I started writing this in a fit of enthusiasm when the rain started a while ago. I had no idea where it would go, but I hoped the rain would lead me. I should have learnt my lesson, but no. Now I keep looking up at the streetlight so much that my eyes hurt. It doesn’t help. That promising streak is most often an insect drawn to the light. In the morning, if I’m lucky, I might wake up envying the wires outside my window, beads of rain hanging from them and squirrels scampering above. All outdoors, free, and in communion.
I have a few go-to songs for when it rains. How softly Trois Gymnopédies steals into your head and tantalisingly evokes a place that you’ll never know! (To be fair, this is my go-to piece for various occasions.) A Rainy Night in Georgia invites you to step into an Edward Hopper painting — wrapped in your thoughts, you sit at a restaurant window and nurse a cup of hot chocolate, even as the rain splatters against the window and the drops chase one another down the glass. Rain is for longing, for music that brings you the mountains.
But in Chennai, the rain is always in two minds. The clouds rumble and threaten for days before they deign to open up. And when the rain finally arrives, it is before dawn, when you’re lost to the world and the monsters of school exams chase you in horrid dreams, where the invigilator is handing you the question paper and you don’t know a thing; failure is certain. So you grit your teeth and wake to another day of crushing humidity. When dry leaves rattle on the asphalt, in a sudden blast of wind, you drop whatever you are doing, deceived into thinking that the rain is finally here.
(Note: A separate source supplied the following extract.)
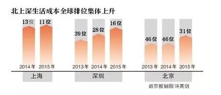 11日消息,据经济学人智库发布全球生活成本调查显示,中国国内城市在2015年生活成本集体上升,上海蝉联中国大陆“最昂贵”的城市,跟昔日“亚洲最贵城市”东京比肩,排名攀升至全球第11位。深圳跃升至全球第16位,北京排名全球第31位。(《新京报》)

Disappointment hangs heavy in the street, in the slow fans that cut the thick air and the languor of the animals that curl up in thin slivers of shade.
Up on the terrace, I saw a shooting star a couple of nights ago. At least, I think it was one; it swept by before I could figure out what it was. That same night, a cloud train arranged itself around a star to make it look like a comet. The moon rested in the centre of an iridescent circle. Clear skies flecked by thin, patterned clouds, like fabric. These wisps will float away and band themselves over some unsuspecting inland town, I thought, where nobody yearns or cares for them. They’ll spend themselves in a matter of a few minutes and return wearily to the sea in the most unglamorous fashion.
Then the rain fell at midnight, a neon-lit downpour, and we were acquainted again. Shy, penitent, arms outstretched. It only sneaks in, showing itself but briefly, and will play truant again. You know those North Indian love songs that poets composed for the monsoon? I’m almost certain they were written as much for the rain as for the lover. And it will return at some point, wheedling, cajoling and roaring, as if it never left. Until then, books and music will come to the rescue.